In other words, the Russian Revolution was inevitable. That inevitability had to do with the fact that masses of Russian people were determined to end the horrendous rule they had been forced to endure. However, while the Revolution was inevitable, the outcome of that revolution was not inevitable. This begins to explain why the Bolsheviks, who were a minority political party, were able to win the masses of the Russian people to their program. When the Revolution erupted again in October of 1917, and the Soviets took power, there was very little opposition.


Adam Hochschild had this to say about the Russian Revolution. “Russia’s people were weary, its factories hit by strikes, and its army was slowly drained away in mass desertions.”


Well, people don’t make revolutions because they are weary. This is what Thomas Jefferson had to say about Revolution in his Declaration of Independence, that was the founding document of this country.

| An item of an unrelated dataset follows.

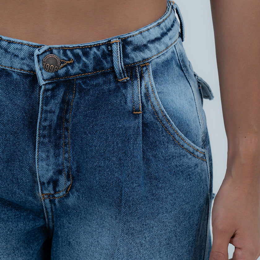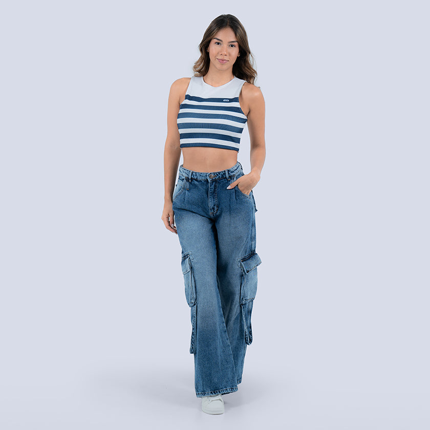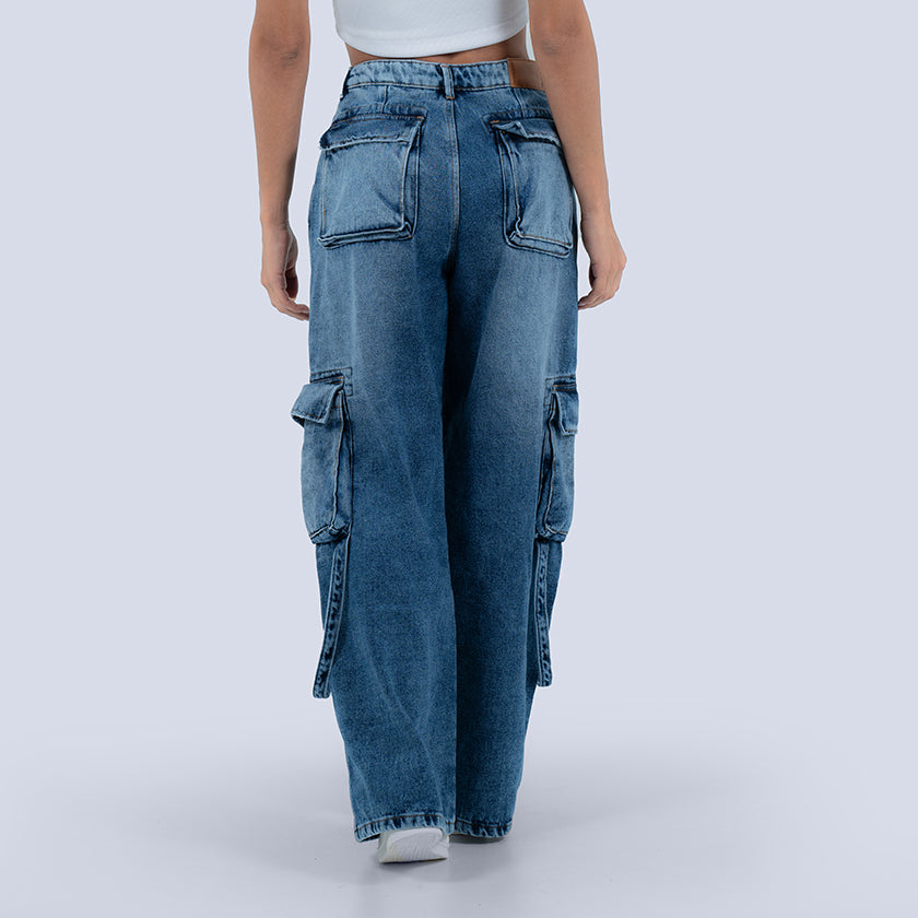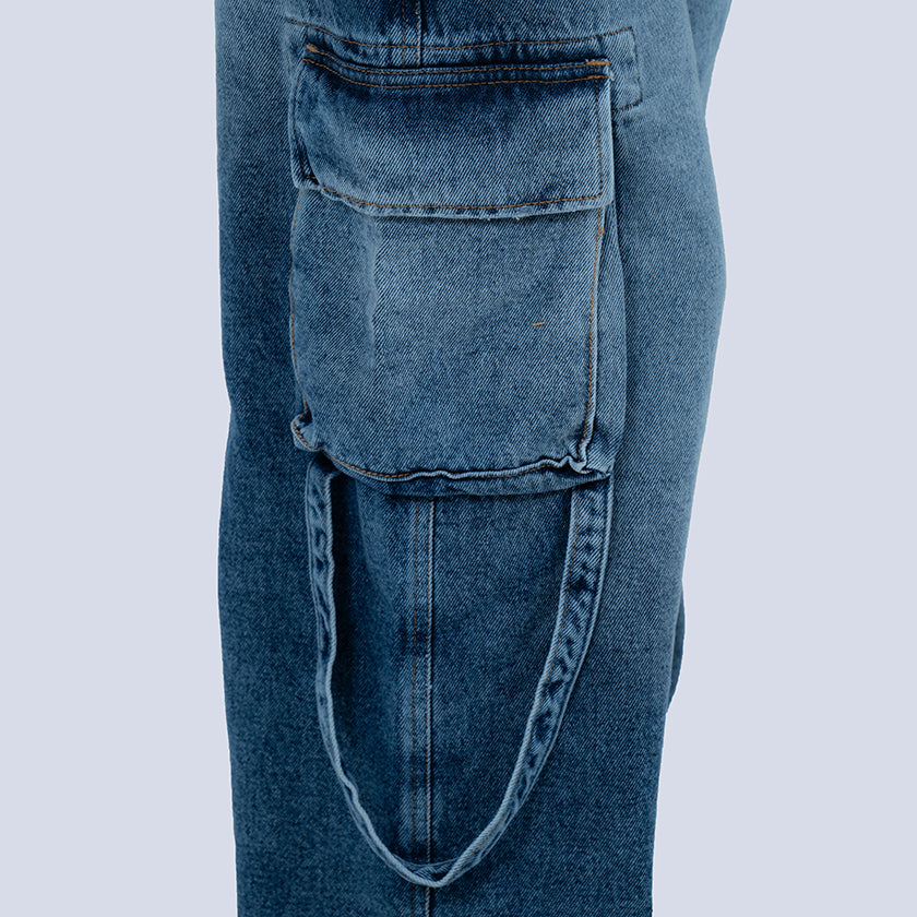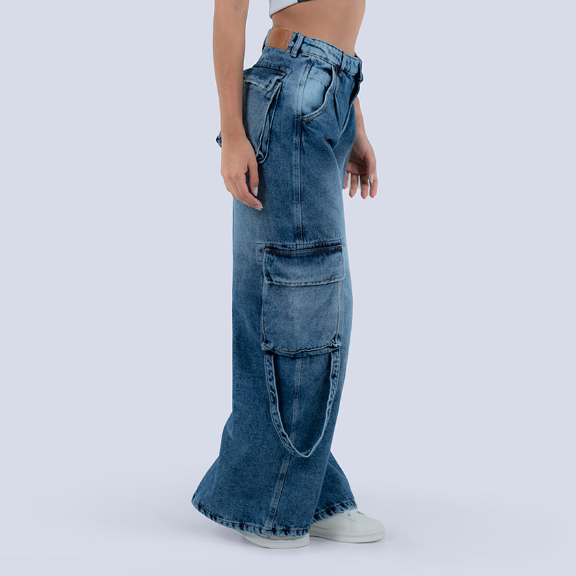 Pantalón de estilo cargo para mujer, en un color gris oscuro con un acabado lavado o desgastado. Se caracteriza por sus bolsillos grandes y funcionales en los laterales de las piernas. Además, presenta detalles de correas o tiras ajustables que cuelgan a los lados, añadiéndole un toque utilitario y moderno. La Moldería es más holgada, posiblemente de corte recto o ligeramente ancho en la pierna.
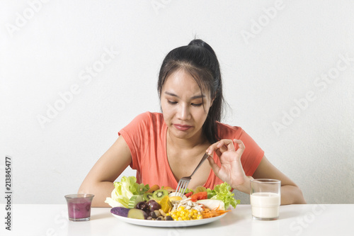 Woman does not like vegetable. Unhappy woman does not like healthy food, Emotional face.

“Prudence, indeed will dictate that Governments long established should not be changed for light and transient causes; and accordingly all experience hath shewn, that mankind are more disposed to suffer, while evils are sufferable, than to right themselves by abolishing the forms to which they are accustomed. But when a long train of abuses and usurpations, pursuing invariably the same Object evinces a design to reduce them under absolute Despotism, it is their right, it is their duty to throw off such Government, and to provide new Guards for their future security.”

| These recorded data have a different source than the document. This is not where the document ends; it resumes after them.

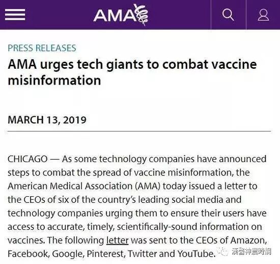 这封信的内容,是向亚马逊、Facebook、谷歌、Pinterest、Twitter和YouTube等企业的首席执行官求助,要他们帮忙阻断错误信息的传播,制止国内一场风起云涌的运动——“反疫苗”,称这场运动已经使得部分疾病在美国大幅上升,并对公共健康构成威胁。这是杞人忧天或者小题大做吗?
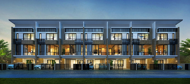 ภาพจำลองบรรยากาศและทาวน์โฮมในโครงการ จุดเด่นของโครงการโครงการ
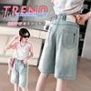 Shorts de mezclilla versátiles estilo occidental para niños y niñas, verano 2025, pantalones casuales para bebé, estilo coreano, pantalones capri para niños, modernos
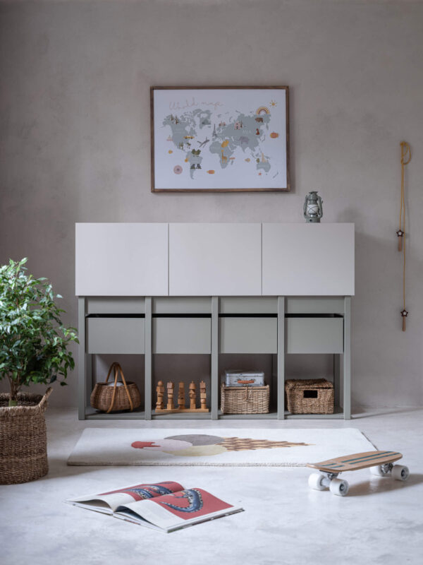 płyta meblowa, mdf, drewno sosnowe (nogi) – płyty produkowana zgodnie z normą EN71/3 – norma dotycząca mebli dziecięcych oraz zabawek

Here we see the profound contradiction of Thomas Jefferson who was both the author of the Declaration of Independence as well as a slave owner. By the year 1852 Frederick Douglass, who had escaped from slavery had this to say on the day after the forth of July.


"For revolting barbarity and shameless hypocrisy America reins without a rival." The profound contradiction of slavery was the cause of the Civil War.

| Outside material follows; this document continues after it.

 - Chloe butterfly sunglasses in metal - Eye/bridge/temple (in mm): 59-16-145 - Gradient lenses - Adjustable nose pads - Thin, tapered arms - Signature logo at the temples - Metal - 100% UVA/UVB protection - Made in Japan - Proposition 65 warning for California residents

I believe that these quotations are also relevant in explaining the causes for the Russian Revolution. The Russian people weren’t “weary,” but felt a “duty to throw off” the regimes of the Czar and the Provisional Government. The people of the new Soviet Union would then successfully defend themselves against an invasion of 14 nations that attempted to overthrow the new revolutionary government. They could not have dome that if the people were weary.


The problem was that after the First World War, the Revolution, and then the Civil War, there was a weariness of the people in the Soviet Union. They wanted some kind of stability, and those were the conditions that led to the betrayal of the Revolution by the forces that supported Joseph Stalin.   


So, what is the essence of the political difference between Hochschild and Trotsky? Hochschild believes that there are democratic norms in this country that were compromised during the years of 1917-1921. He concludes his book with the statement that we need to have “respect for civil rights and constitutional safeguards, to save ourselves from slipping back into darkness again.”


Today about 42 million people do not have enough food to eat in the United States. Four people have over $100 billion. While President Wilson might have deported 10,000 people from this country, Presidents Obama and Trump deported millions of immigrants. Thousands of those deported immigrants have children who were born in this country. When they were deported, the government effectively prevented them from ever seeing their children again.


The prison population has mushroomed to the point where the United States has more people living in dungeons than any other nation in the world. Clearly, I could go on and on listing the horrors working people face in this country and the world.


Therefore, I believe that Leon Trotsky’s perspective on the Russian Revolution continues to be relevant. The ruling powers of this country are just as clueless about the reality working people face as the ruling powers were clueless as to the reality of the Russian working class in 1917.


Events will erupt, just as they did in 1917, where masses of people will mobilize to demand profound change. When this happens, the working class of the world will have a real opportunity to create, for the first time, a genuine democracy. In the words of Thomas Jefferson, they will also create “new guards for their future security.”